» LISTED RECORDS:
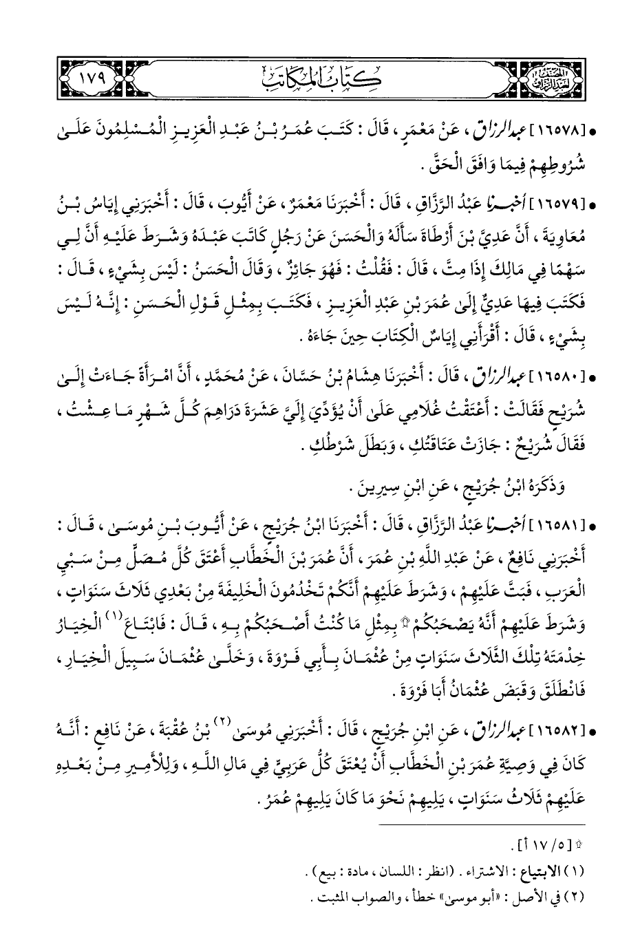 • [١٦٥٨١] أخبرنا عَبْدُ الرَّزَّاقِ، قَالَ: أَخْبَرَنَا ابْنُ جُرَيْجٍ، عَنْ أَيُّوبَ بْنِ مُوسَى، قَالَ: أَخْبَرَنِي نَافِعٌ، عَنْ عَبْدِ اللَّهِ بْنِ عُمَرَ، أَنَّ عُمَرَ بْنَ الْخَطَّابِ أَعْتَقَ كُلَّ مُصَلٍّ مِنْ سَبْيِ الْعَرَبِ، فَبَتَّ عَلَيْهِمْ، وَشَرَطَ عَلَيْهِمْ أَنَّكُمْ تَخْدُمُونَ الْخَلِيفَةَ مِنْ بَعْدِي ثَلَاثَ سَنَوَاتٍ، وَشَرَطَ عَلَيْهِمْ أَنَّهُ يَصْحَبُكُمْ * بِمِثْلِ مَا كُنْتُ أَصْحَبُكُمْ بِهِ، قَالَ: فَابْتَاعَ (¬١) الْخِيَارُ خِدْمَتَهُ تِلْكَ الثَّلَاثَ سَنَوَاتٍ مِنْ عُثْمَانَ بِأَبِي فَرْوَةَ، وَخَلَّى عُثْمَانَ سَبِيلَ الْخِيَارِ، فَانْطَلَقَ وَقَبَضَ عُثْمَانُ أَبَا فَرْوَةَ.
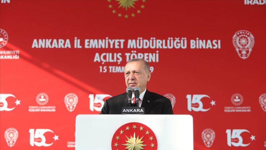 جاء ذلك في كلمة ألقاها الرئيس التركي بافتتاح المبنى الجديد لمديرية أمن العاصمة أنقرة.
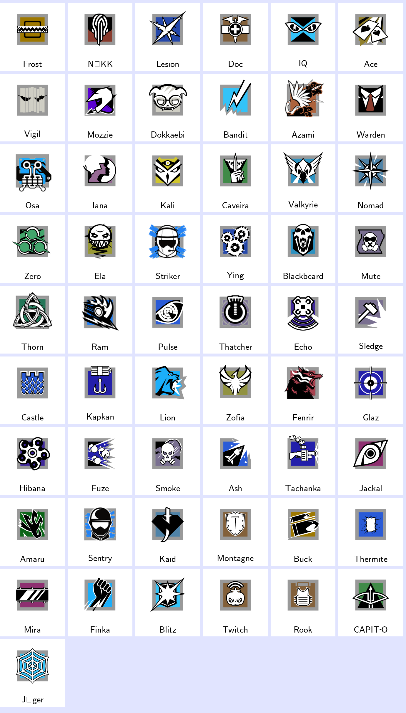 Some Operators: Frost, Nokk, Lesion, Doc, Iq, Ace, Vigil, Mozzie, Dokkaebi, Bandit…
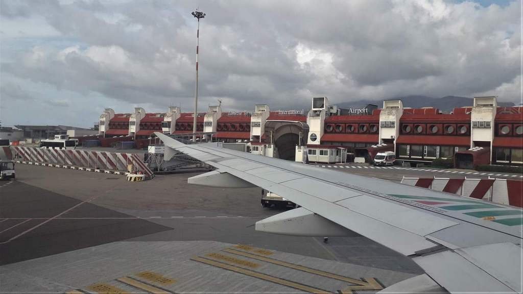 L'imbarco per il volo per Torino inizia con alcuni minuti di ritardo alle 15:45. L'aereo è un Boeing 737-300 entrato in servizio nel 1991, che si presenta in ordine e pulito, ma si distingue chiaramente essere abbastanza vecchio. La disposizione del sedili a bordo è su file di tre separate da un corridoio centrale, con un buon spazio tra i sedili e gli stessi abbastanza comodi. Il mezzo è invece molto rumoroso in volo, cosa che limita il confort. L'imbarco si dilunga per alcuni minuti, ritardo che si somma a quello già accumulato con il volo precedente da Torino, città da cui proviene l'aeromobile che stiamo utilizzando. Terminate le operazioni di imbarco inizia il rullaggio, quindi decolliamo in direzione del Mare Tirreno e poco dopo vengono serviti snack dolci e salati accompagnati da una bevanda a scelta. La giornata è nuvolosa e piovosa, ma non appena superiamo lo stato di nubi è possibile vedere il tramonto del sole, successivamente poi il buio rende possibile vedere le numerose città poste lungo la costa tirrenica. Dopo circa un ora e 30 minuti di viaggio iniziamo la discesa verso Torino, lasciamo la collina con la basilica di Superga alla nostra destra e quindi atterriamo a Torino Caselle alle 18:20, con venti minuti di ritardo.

==

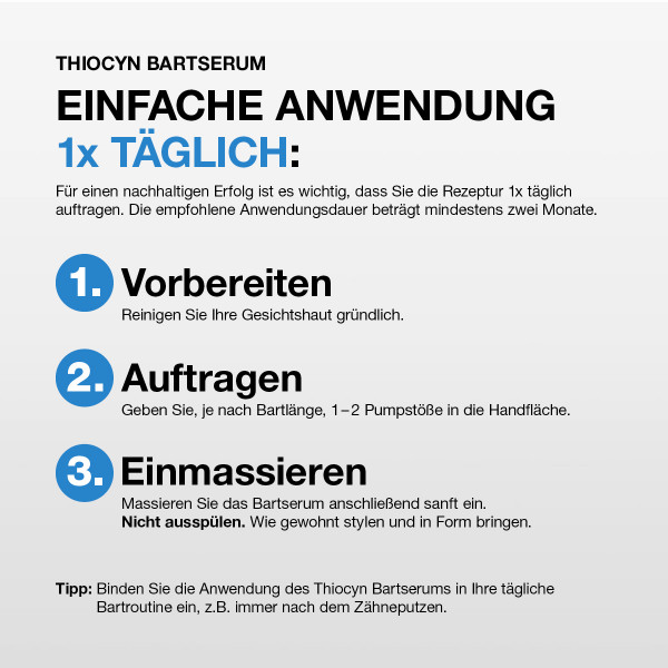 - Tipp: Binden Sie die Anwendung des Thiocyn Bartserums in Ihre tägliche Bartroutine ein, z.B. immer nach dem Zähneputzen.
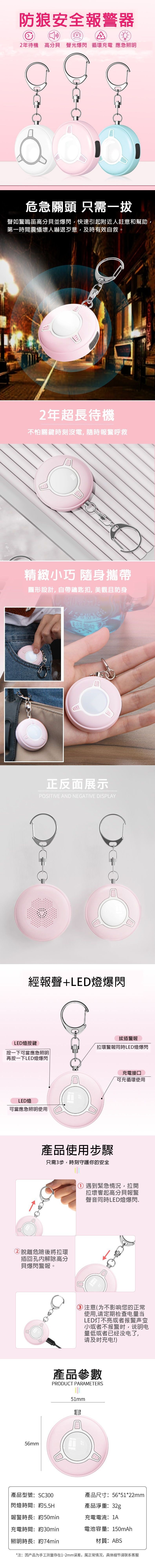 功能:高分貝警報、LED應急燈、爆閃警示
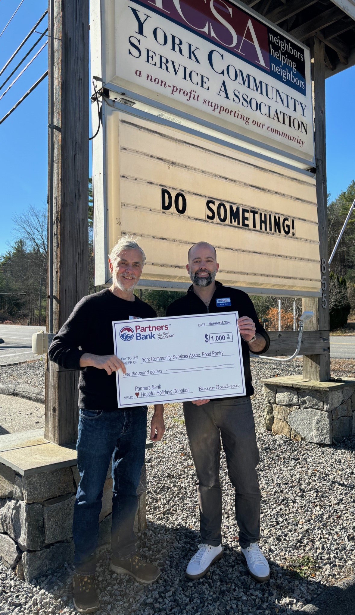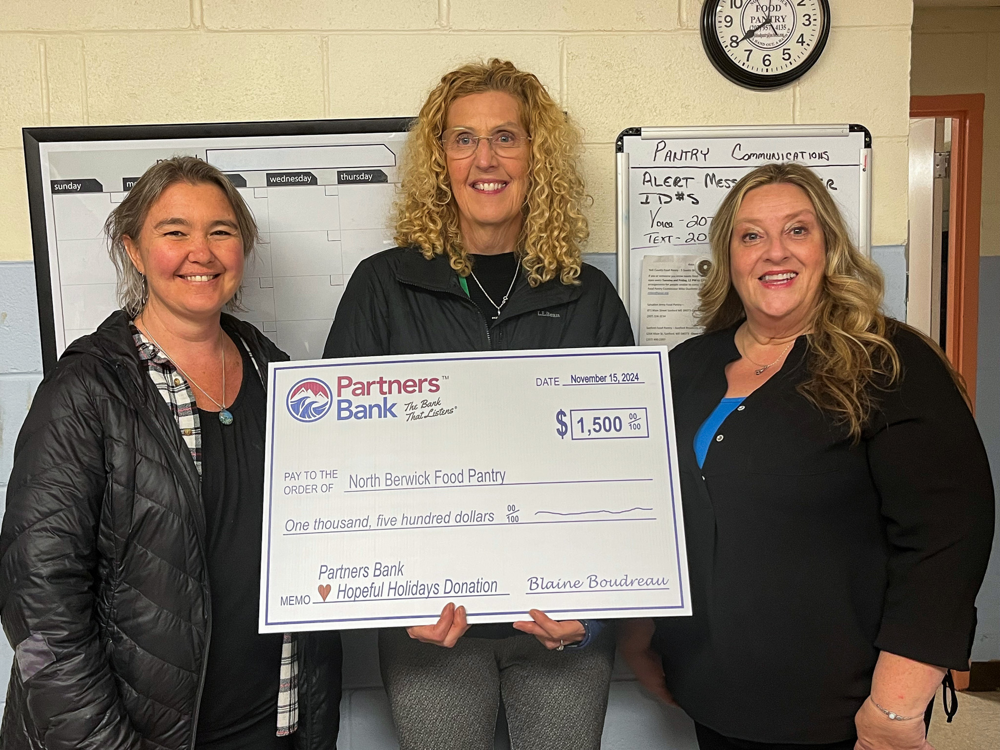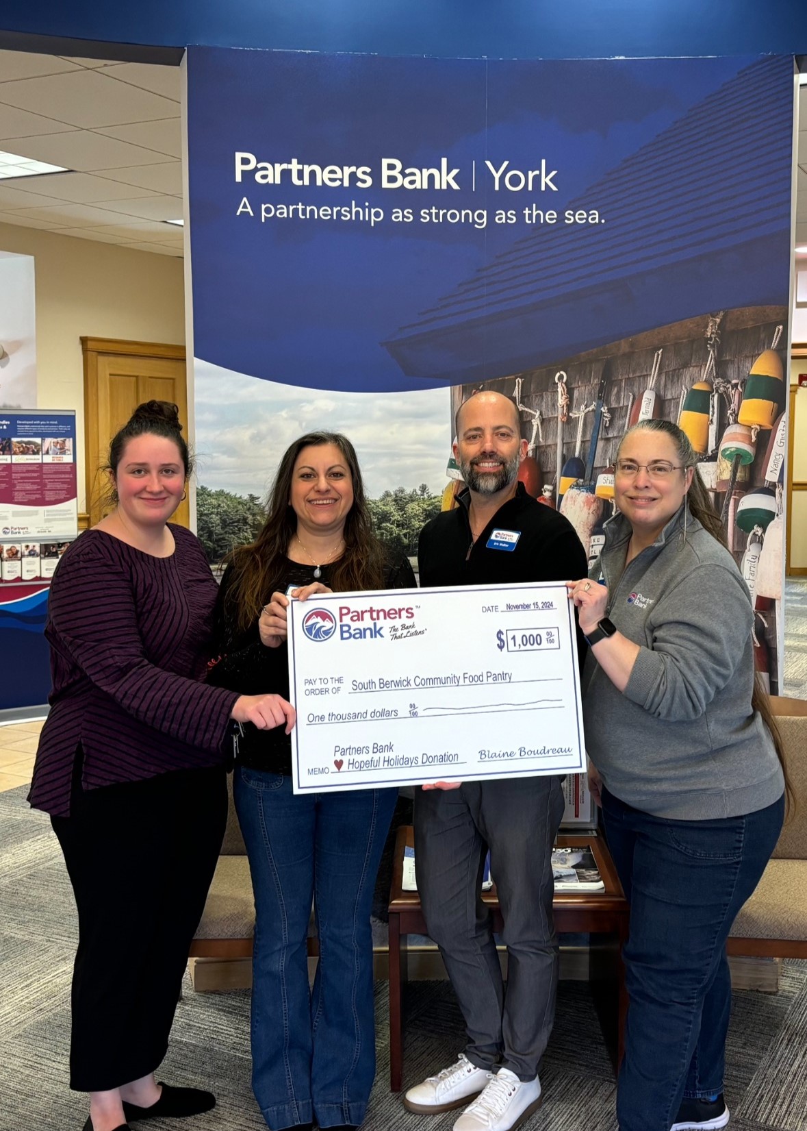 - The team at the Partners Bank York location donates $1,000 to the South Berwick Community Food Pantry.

* * *

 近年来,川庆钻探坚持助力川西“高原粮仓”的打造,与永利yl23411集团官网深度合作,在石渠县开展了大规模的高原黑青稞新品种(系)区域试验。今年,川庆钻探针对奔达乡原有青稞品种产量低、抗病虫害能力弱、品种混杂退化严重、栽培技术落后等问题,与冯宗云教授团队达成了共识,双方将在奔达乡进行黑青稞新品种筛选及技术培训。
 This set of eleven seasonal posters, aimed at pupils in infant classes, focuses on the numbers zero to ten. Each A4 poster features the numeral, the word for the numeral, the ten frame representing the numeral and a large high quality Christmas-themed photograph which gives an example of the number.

» WHAT YOU ARE ASKED TO DO: Only the lines of the listing above from the one with "功能:高分貝警報、LED應急燈、爆閃警示" through the one with "- The team at" should be output, exactly, with both ends kept and pictures left out.

» WRITTEN ANSWER:
 功能:高分貝警報、LED應急燈、爆閃警示
 - The team at the Partners Bank York location donates $1,000 to the South Berwick Community Food Pantry.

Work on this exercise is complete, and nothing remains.